Angiogenesis is an important mediator in tumor progression. VEGF is one of the main cytokines that can stimulate angiogenesis and it promotes the proliferation of new blood vessels. There is also a clear correlation between intensity of VEGF and tumor prognosis (Roland et al., 2009). NPY seems to promote both the formation of collaterals and capillary angiogenesis. The Y2 receptor appears to be responsible for the angiogenic effects of NPY (Zukowska, Grant, & Lee, 2003; Kitlinska, Lee, Movafagh, Pons, & Zukowska, 2002; Ghersi, Chen, Lee, & Zukowska, 2001).

The potency of NPY in stimulating angiogenesis appears to be similar to the potency of VEGF (Zukowska et al., 2003). As in the case of VEGF which stimulates neovascularization partly by releasing NO, it appears that endothelial NO is essential for NPY’s angiogenic signaling, in part due to its upregulation of NPY receptor expression (Zukowska et al., 2003).

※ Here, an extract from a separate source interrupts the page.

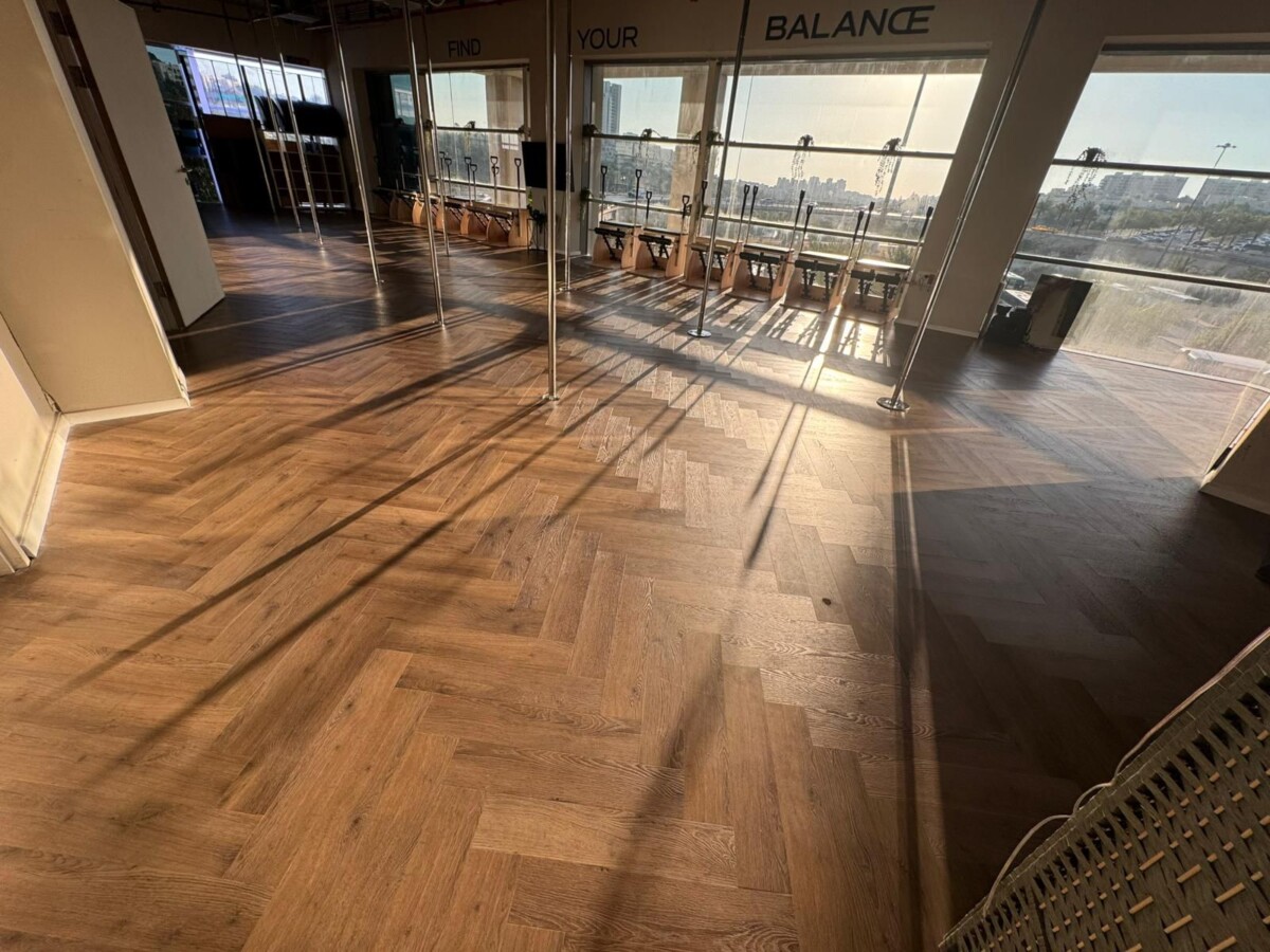 120 מ”ר ברוטו, אופן ספייס + מחיצות, משופץ (פרקט, מיזוג, מתזים).

Results of the current study showed that BIIE 0246 could significantly decrease VEGF in treatment groups. Several experimental and clinical reports examining the effects of NPY Y2 receptor antagonist on serum levels of VEGF; some of these results are consistent with the findings regarding the VEGF levels reported in the current study. Congyi Lu et al showed that blocking the NPY Y2 receptor pathway by BIIE 0246 impaired tumor vascularization and enhanced apoptosis which, together with the direct effect on neuroblastoma cells, led to significant inhibition of tumor growth in vivo (Lu et al., 2010).

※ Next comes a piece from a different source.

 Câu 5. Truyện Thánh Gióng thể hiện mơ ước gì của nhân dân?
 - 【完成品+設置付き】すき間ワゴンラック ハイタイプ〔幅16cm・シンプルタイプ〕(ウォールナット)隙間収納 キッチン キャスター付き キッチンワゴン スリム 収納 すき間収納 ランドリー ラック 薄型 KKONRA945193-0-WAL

In the present study, although the obese treatment animals showed lower capillary density, their serum VEGFR-1 concentration had no significant difference with non-treated groups. It has been suggested that, even with an increase or no change in the VEGFR-1 level, the VEGFR-1 signaling pathway is defective during treatment, and these groups are probably VEGFR-1 resistant (Sasso et al., 2005; Waltenberger, 2009). It has also been suggested that high levels of VEGFR-1 inhibit angiogenesis by antagonizing the effects of VEGF (Ahmed, Li, Dunk, Whittle, Rushton, & Rollason, 1995; Maynard et al., 2003). This study could not demonstrate significant differences of NO levels in treatment groups compared with control groups. There is contradictory data about the role of NO in angiogenesis. Using an in vivo model, investigators have shown NO inhibits angiogenesis (Pipili-Synetos et al., 1994; Pipili-Synetos, Sakkoula, & Maragoudakis, 1993). Yang et al also reported that NO inhibits the proliferation of several different cell types, including vascular endothelial cells (Yang, Ando, Korenaga, Toyooka, & Kamiya, 1994). On the other hand, Joshi showed that NO originating from within the tumor cells may be responsible for the antiangiogenic effect within the tumor (Joshi, 1997). Regulation of blood flow by NO in experimental tumor-associated neovasculature has been reported (Tozer, Prise, & Chaplin, 1997) and may explain the vasodilation observed in the fully vascularized tumor. This conflicting data suggests that not only there is more than one mechanism involved, but also the type of tissue and tumor is an important factor in the angiogenic procedure. Thus, the role of NO in tumor angiogenesis needs further investigation.

5. Conclusion

The current study has shown that blocking the NPY Y2 receptor is beneficial to inhibiting tumor growth in vivo. The main mechanisms of this effect include inhibition of tumor cell proliferation with weakening of angiogenesis. The effectiveness of this treatment can be further improved by designing more potent NPY Y2 receptor antagonists. Therefore, NPY and its Y2 receptor are promising new targets in melanoma tumor therapy.